The applicants submitted that in default of the property being returned to them they were entitled to full compensation covering the entirety of the damage suffered. The applicants claimed compensation of between a low of 391,766 euros (EUR) and a high of EUR 1,464,514, based on two separate reports prepared by an estate agent and an architect respectively, which considered the site as having a footprint of 60 sq.m (or 139 sq.m on two floors). 8. The first report, which took account of the fact that the property was suitable for residential or for retail and commercial purposes, and noting that a further full floor could be built, indicated the sale value of the property at market prices in 2016 as EUR 374,670. Its total rental value for the preceding thirty years was given as EUR 201,760, indicated in its relevant parts as follows:
1987 - 1995 rental value – EUR 28,243
1995 - 2005 rental value – EUR 60,289
2005 - 2015 rental value – EUR 113,228
The report also projected the total rental value for the future thirty years as EUR 1,464,514, on the assumption that the ground floor would be redeveloped for commercial use and the other floors for residential purposes.
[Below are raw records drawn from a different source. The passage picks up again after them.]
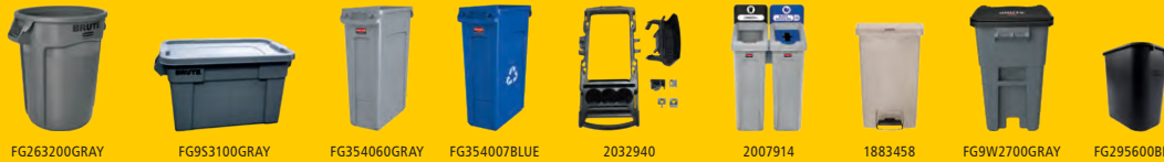
FG263200GRAY FG953100GRAY FG354060GRAY FG354007BLUE 2032940 2007914 1883458 FG9W2700GRAY FG295600BLA
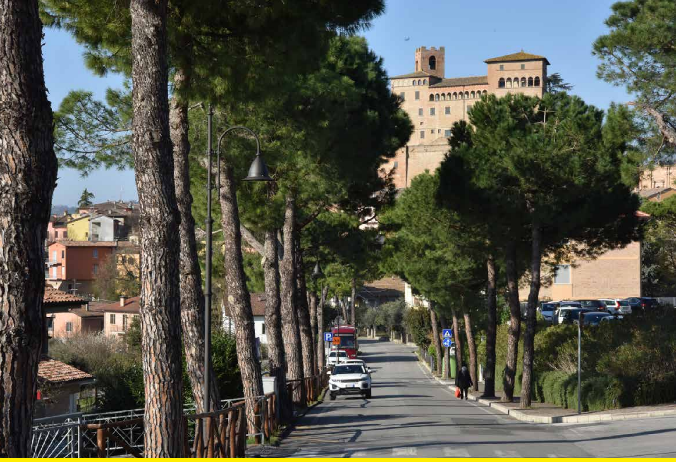
Longiano (Italy) | Refitting and lighting
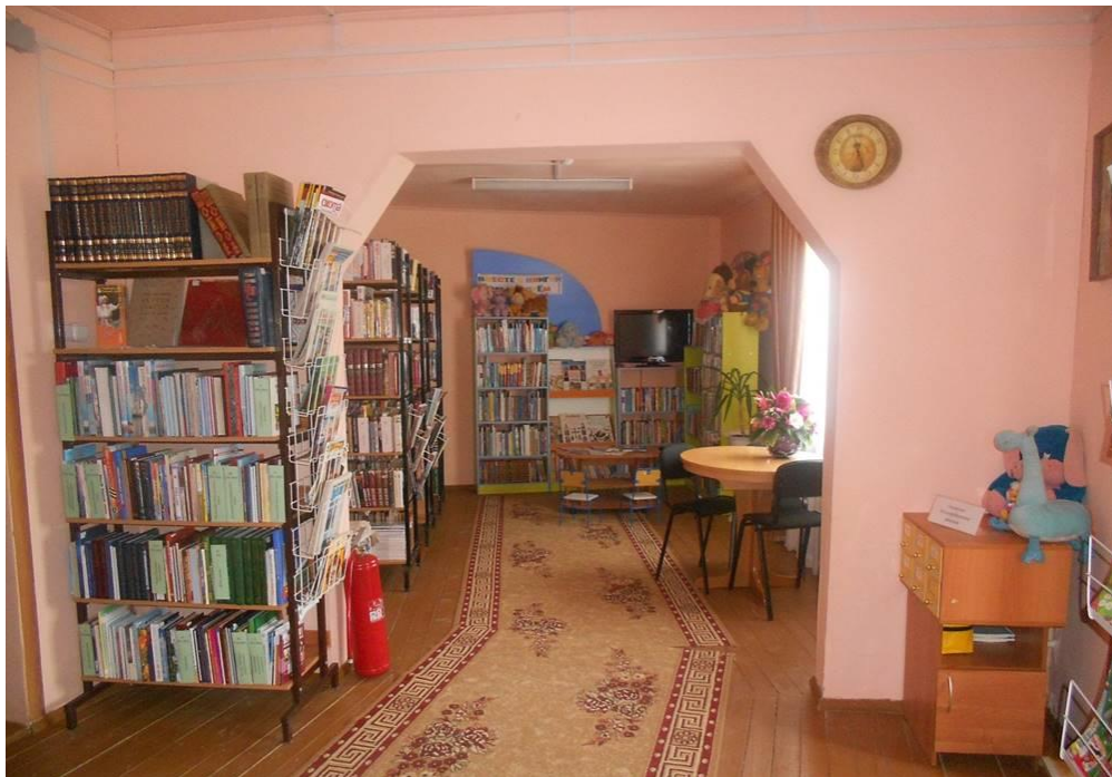
Фото 4 Зона целевого назначения здания (целевого посещения объекта)
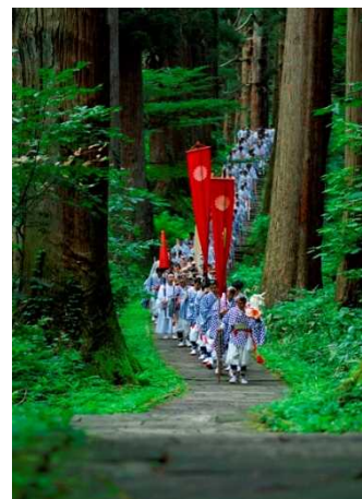
【羽黒山の石段と杉並木】

三山を巡ることは、江戸時代に庶民の間で『生まれかわりの旅』として広がり、地域の人々に支えられながら、日本古来の、山の自然と信仰の結び付きを今に伝えています。羽黒山の杉並木につつまれた石段から始まるこの旅は、訪れる者に自然の霊気と自然への畏怖を感じさせ、心身を潤し明日への新たな活力を与えます。
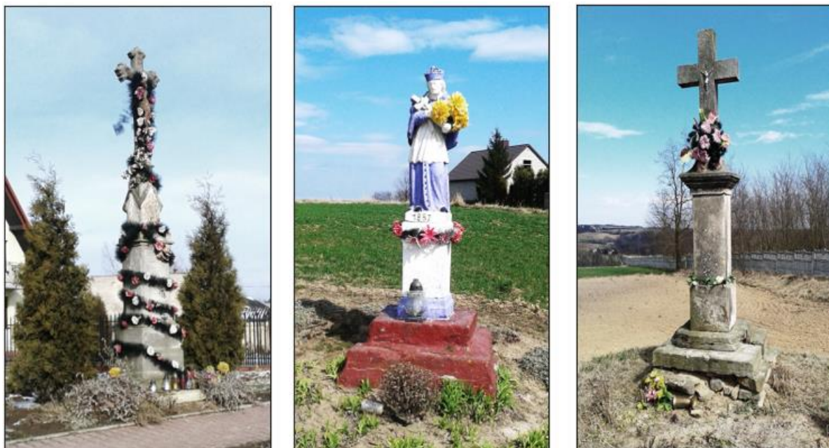
Fotografia 1. Przykłady figur i kapliczek przydrożnych na terenie gminy Waśniów.

Krzyże i figury zaopatrzone są w epigramy, zazwyczaj o charakterze wotywnym, choć często spotyka się inskrypcje odwołujące się do bożej opieki, lub rymowane sentencje modlitewne stanowiące ważny element kultury ludowej. Zły stan zachowania inskrypcji utrudniający ich odczytanie jest wynikiem nie tyle naturalnej erozji kamienia, co częstym malowaniem trwałymi farbami, które łącząc się z kamienną strukturą spowodowały jej łuszczenie i ubytki.
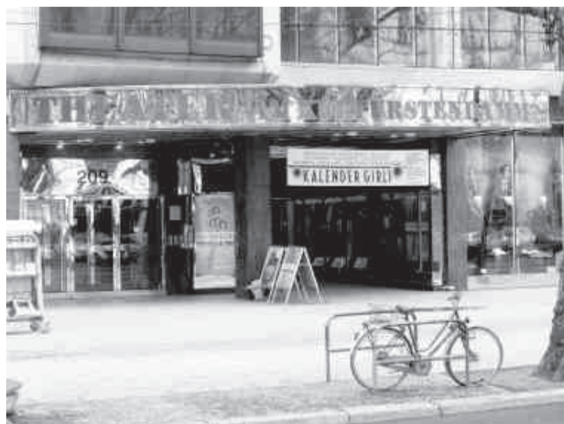
In Zukunft wird es nur noch eine Ku'Damm-Bühne geben.

Hoffen wir, dass im Ergebnis wenigstens der Bestand eines Theaters am Kurfürstendamm dauerhaft gesichert werden kann!
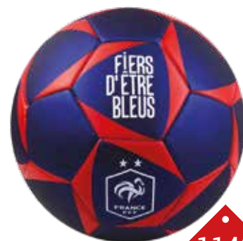
1140 BALLON FOOT FFF JERSEY Ballon de football FFF en jersey taille 5, poids 400gr.
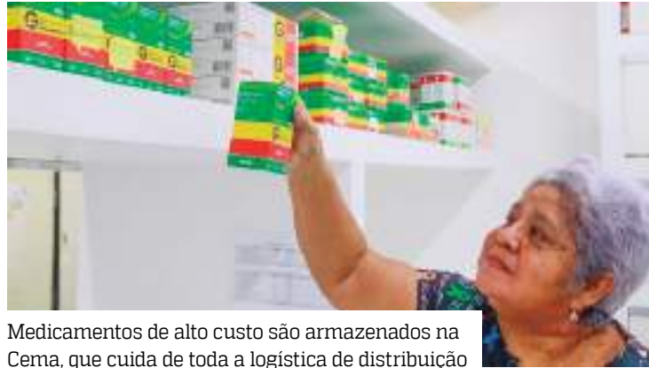
Medicamentos de alto custo são armazenados na Cema, que cuida de toda a logística de distribuição

“Esses medicamentos são desenvolvidos para tratar doenças graves e crônicas,
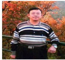
安徽政协常委汪兆钧
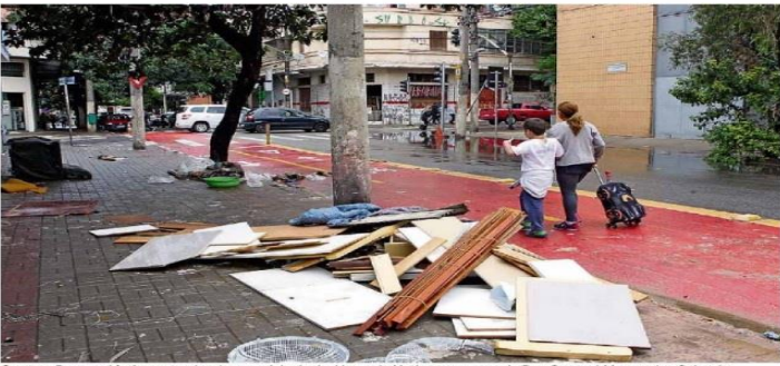
Centro. Paus e plásticos na calçada e na ciclovia da Alameda Nothmann, perto da Rua General Marcondes Salgado
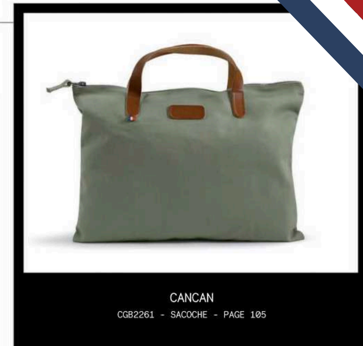
CANCAN CGB2261 - SACOCHE - PAGE 105
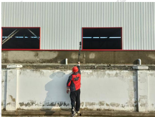
▲厂界噪声采样点 - 厂界东侧外 1m 处 1#
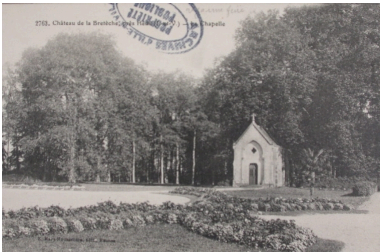
La chapelle du château de la Bretèche

9. In the second report, (drawn up on the basis of the same considerations mentioned in the first report), rental income was calculated for the full period of the tenancy, starting from 1987 and ending on the expected termination of the lease in 2047 (it being a tenancy for life and assuming the tenant would not live longer than another thirty years). The calculation was based on:
(i) The Net Present Value (NPV) of the fair rental income for the property compounded at 5% for the first thirty years of the lease between 1987 and 2017.
The fair rental income was averaged at EUR 2,000 per year over a thirty-year period (until 2016). The compounded value of the rental income was established at EUR 59,658. (ii) The NPV of the fair rental income for the site after redevelopment for the expected remaining thirty years of the tenancy, for the period 2017 to 2047, compounded at a discount rate of 5%. The values for the commercial and residential floors, once completed, were based respectively on EUR 4,000 and EUR 2,300 per square metre of covered floor space, giving a total value for the redeveloped site of EUR 395,000. The weighted annual rental income was estimated at EUR 20,843 which, according to the report, represented a realistic return of 5.27%. The rental income net of annual interest on the investment required to develop the site was estimated at EUR 15,100. The compounded value of that rental income for the future thirty-year period discounted at 5% amounted to EUR 232,108. The NPV of the rental income for the full period of tenancy between 1987 and 2047 amounted therefore to EUR 391,766. 10. Without making reference to their claim quantified in paragraph 7 above, the applicants also submitted four other reports concerning rental values of the property at issue. They stated as follows:
(i) Report A, dated 2017, was by an individual who works in a real estate agency but who drafted the report in his own name.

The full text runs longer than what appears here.